Using rsyslog and Elasticsearch to Handle Different Types of JSON Logs
Originally posted on the Sematext blog: Using Elasticsearch Mapping Types to Handle Different JSON Logs
By default, Elasticsearch does a good job of figuring the type of data in each field of your logs. But if you like your logs structured like we do, you probably want more control over how they’re indexed: is time_elapsed an integer or a float? Do you want your tags analyzed so you can search for big in big data? Or do you need it not_analyzed, so you can show top tags via the terms aggregation? Or maybe both?
In this post, we’ll look at how to use index templates to manage multiple types of logs across multiple indices. Also, we’ll explain how to use rsyslog to handle JSON logging and specify types.
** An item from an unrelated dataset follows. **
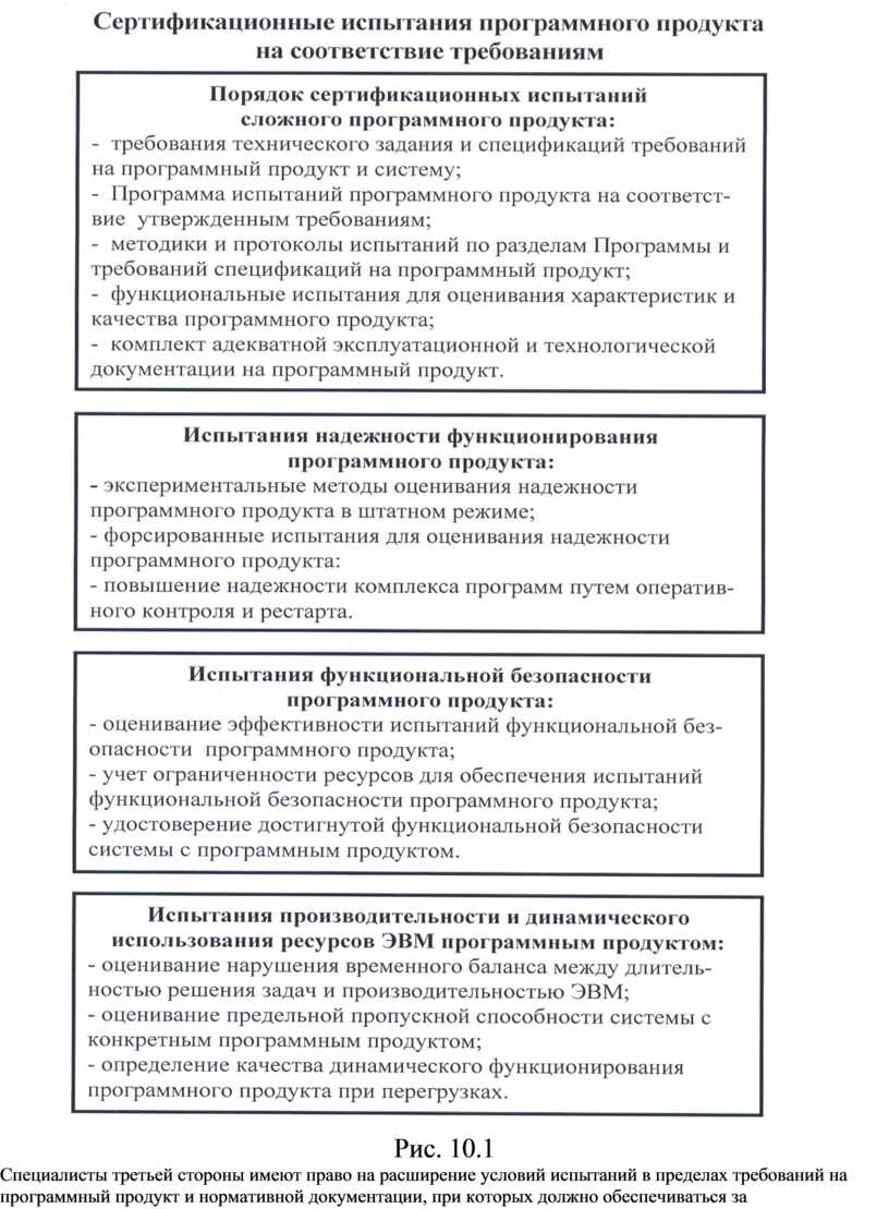 Основной целью сертификации программных продуктов, является контроль и удостоверение качества продукции, гарантирование ее высоких потребительских свойств – рис. 10.1. Задача состоит в повышении эффективности затрат в сфере создания и применения ответственного, конечного программного продукта, а также улучшение объективности оценок его функций, характеристик и конкурентоспособности.

Elasticsearch Mapping and Logs
To control settings for how a field is analyzed in Elasticsearch, you’ll need to define a mapping. This works similarly in Logsene, our log analytics SaaS, because it uses Elasticsearch and exposes its API.
With logs you’ll probably use time-based indices, because they scale better (in Logsene, for instance, you get daily indices). To make sure the mapping you define today applies to the index you create tomorrow, you need to define it in an index template.
Managing Multiple Types
Mappings provide a nice abstraction when you have to deal with multiple types of structured data. Let’s say you have two apps generating logs of different structures: both have a timestamp field, but one recording logins has a user field, and another one recording purchases has an amount field.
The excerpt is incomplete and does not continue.